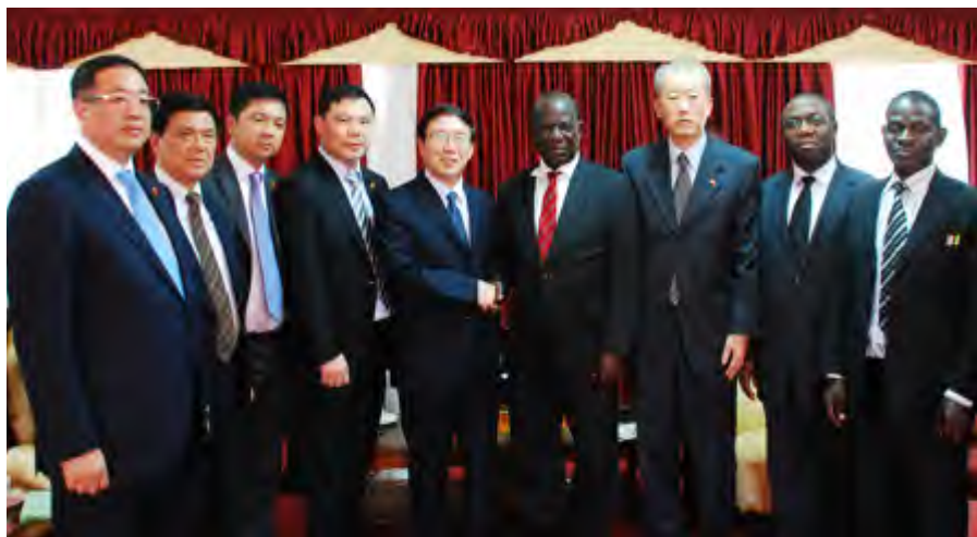
乌干达副总统塞坎迪会见代表团

全国友协与地方政府部联合举办第九届中非友好城市暨地方政府合作研讨会。代表团中来自 6 个省和自治区的地方政府官员和乌干达 20 余名市长及地方政府协会、旅游协会、商会等相关机构代表出席研讨会。双方代
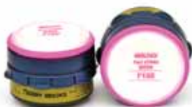
7640 Cartucho Smart Multigas-Vapor/P100
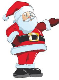
der Weihnachtsmann, -"er
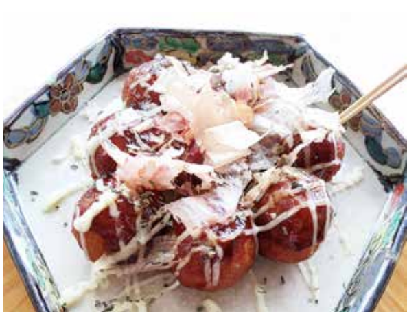
たこ焼き Takoyaki Octopus Balls
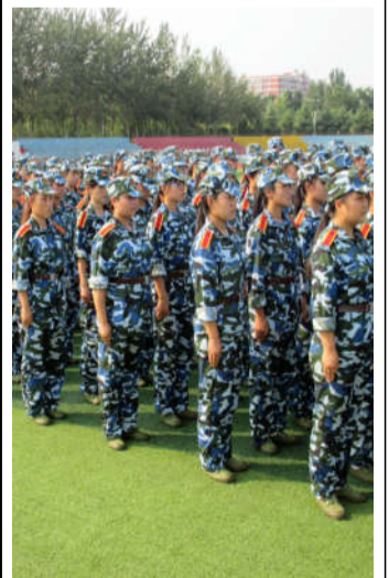
看!她们坚定的眼神
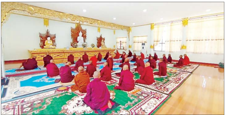
လွိုင်ကော်မြို့ သီရိမင်္ဂလာတောင်တော် (တောင်ကွဲစေတီ)၌ ဆရာတော်၊ သံဃာတော်များက ဆုတောင်း မေတ္တာပို့သကြစဉ်။
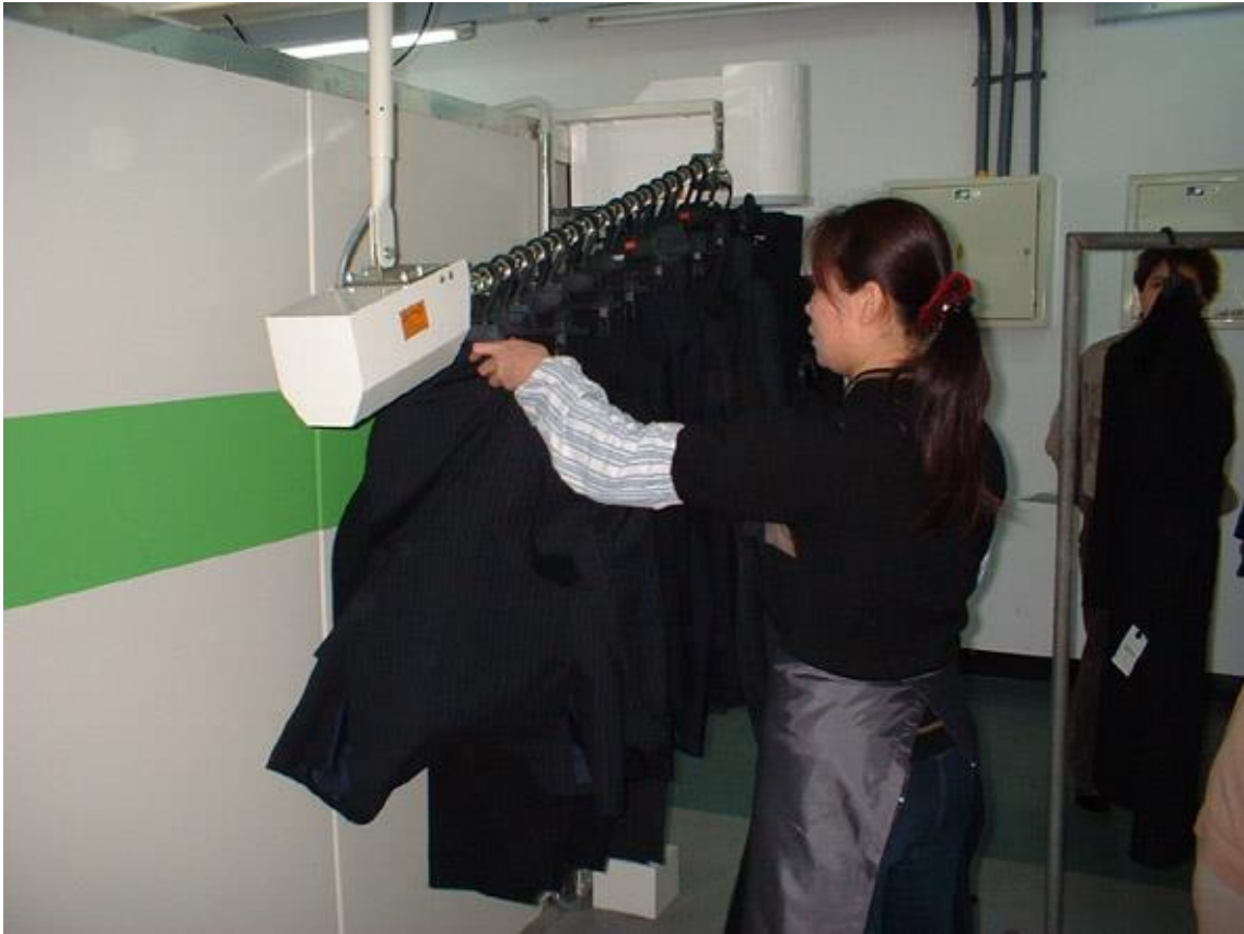
▲⑤乾燥装置の投入装置にセット
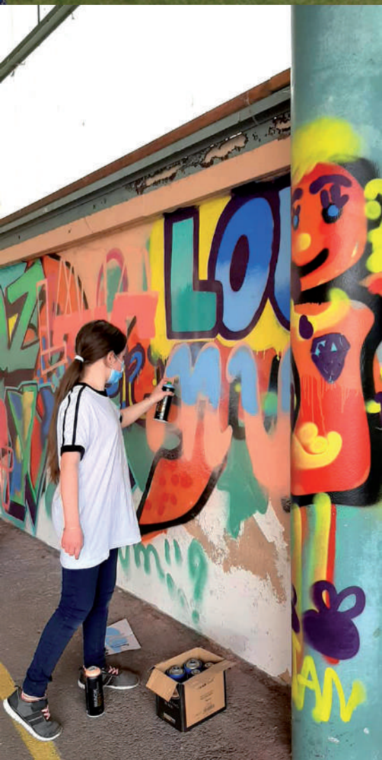
Atelier graff à l'école du Centre
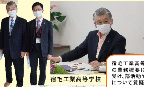
宿毛工業高等学校

宿毛工業高等学校では学校の業務概要について説明を受け、部活動や生徒会活動等について質疑を行い、その後校内の視察を行いました。
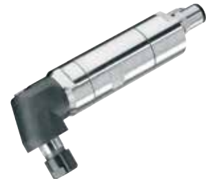
Für den Einbau in Transferstraßen, Werkzeugmaschinen und Roboterstationen
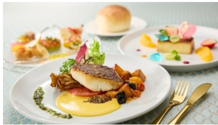
레이디에게 바치는 부아트아 비주 ~사랑의 보석함~ (생선)
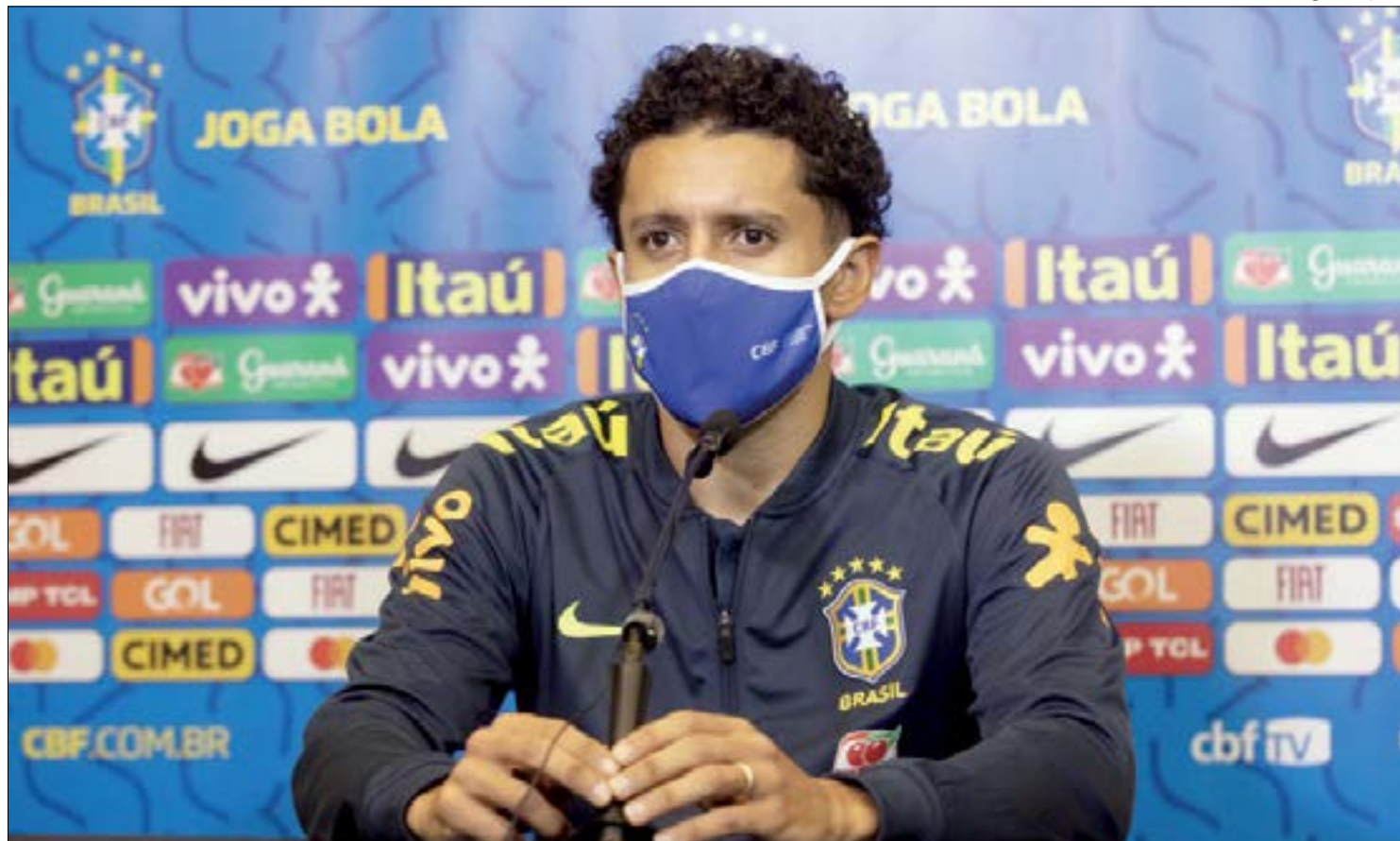
Marquinhos elogiou o desempenho da Argentina e diz que principal objetivo da zaga brasileira é frear Messi
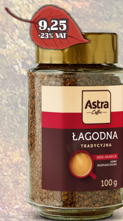
KAWA ASTRA 100G SŁOIK
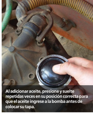
Al adicionar aceite, presione y suelte repetidas veces en su posición correcta para que el aceite ingrese a la bomba antes de colocar su tapa.
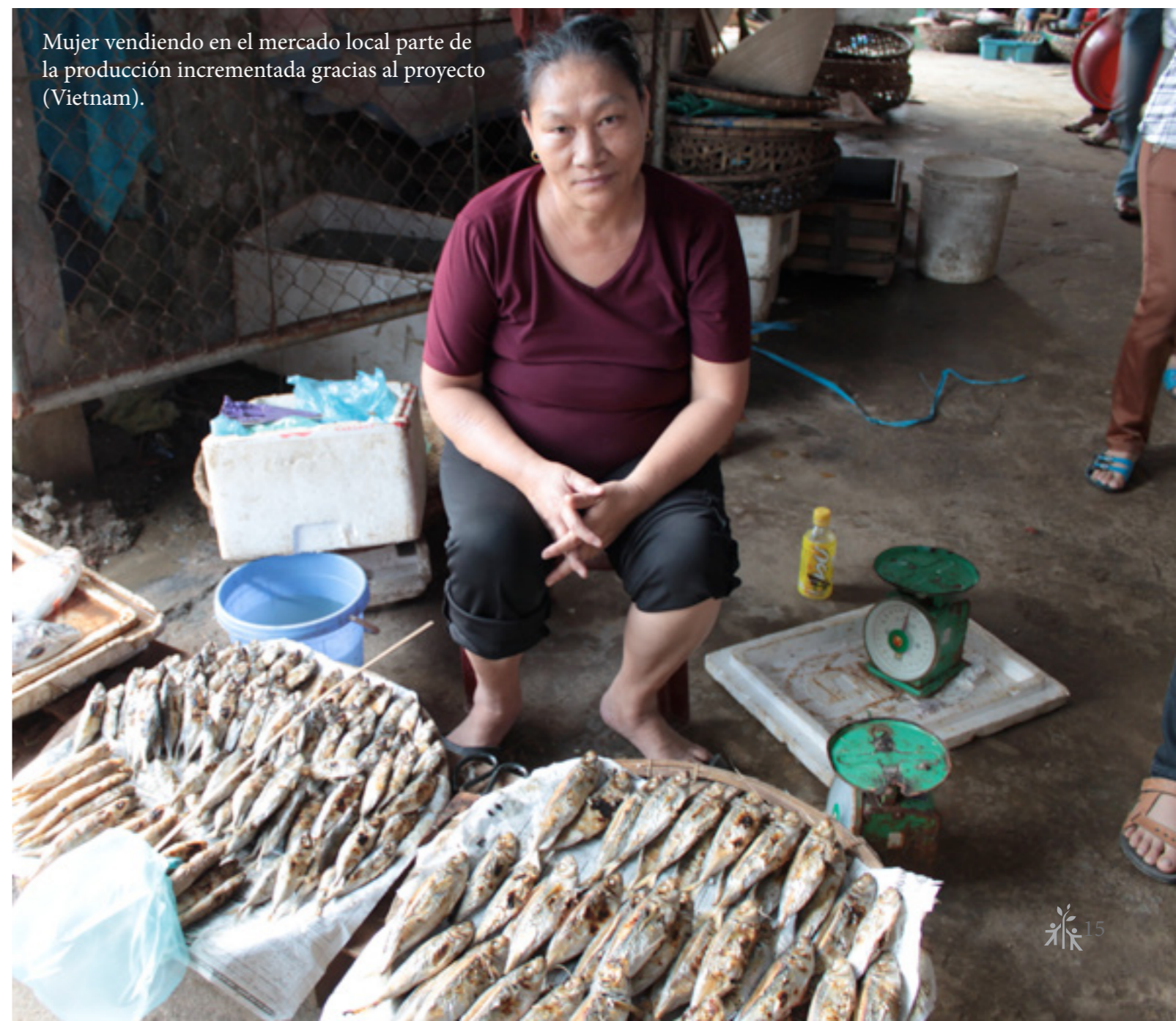
Mujer vendiendo en el mercado local parte de la producción incrementada gracias al proyecto (Vietnam).

La construcción del embalse de Hua Na obligó a más de 4.000 personas, en su mayoría de la etnia Thai, a dejar sus hogares. AIDA, junto con el Ministerio de Agricultura y Desarrollo Rural vietnamita, ha trabajado con 155 familias, ayudándoles a integrar en los embalses una producción sostenible de pescado en jaulas para consumo familiar y venta en los mercados locales. Además, se ha trabajado para hacer más visible el impacto positivo, tanto desde el punto de vista socioeconómico como ambiental, de la actividad acuícola desarrollada por comunidades indígenas.
□ □ □ □ □
> What the task requires:
Please quote the lines of the material, beginning with the first and ending with the one that contains "Für den Einbau", exactly as written and without any pictures.

> Output for this exercise:
乌干达副总统塞坎迪会见代表团

全国友协与地方政府部联合举办第九届中非友好城市暨地方政府合作研讨会。代表团中来自 6 个省和自治区的地方政府官员和乌干达 20 余名市长及地方政府协会、旅游协会、商会等相关机构代表出席研讨会。双方代
7640 Cartucho Smart Multigas-Vapor/P100
der Weihnachtsmann, -"er
たこ焼き Takoyaki Octopus Balls
看!她们坚定的眼神
လွိုင်ကော်မြို့ သီရိမင်္ဂလာတောင်တော် (တောင်ကွဲစေတီ)၌ ဆရာတော်၊ သံဃာတော်များက ဆုတောင်း မေတ္တာပို့သကြစဉ်။
▲⑤乾燥装置の投入装置にセット
Atelier graff à l'école du Centre
宿毛工業高等学校

宿毛工業高等学校では学校の業務概要について説明を受け、部活動や生徒会活動等について質疑を行い、その後校内の視察を行いました。
Für den Einbau in Transferstraßen, Werkzeugmaschinen und Roboterstationen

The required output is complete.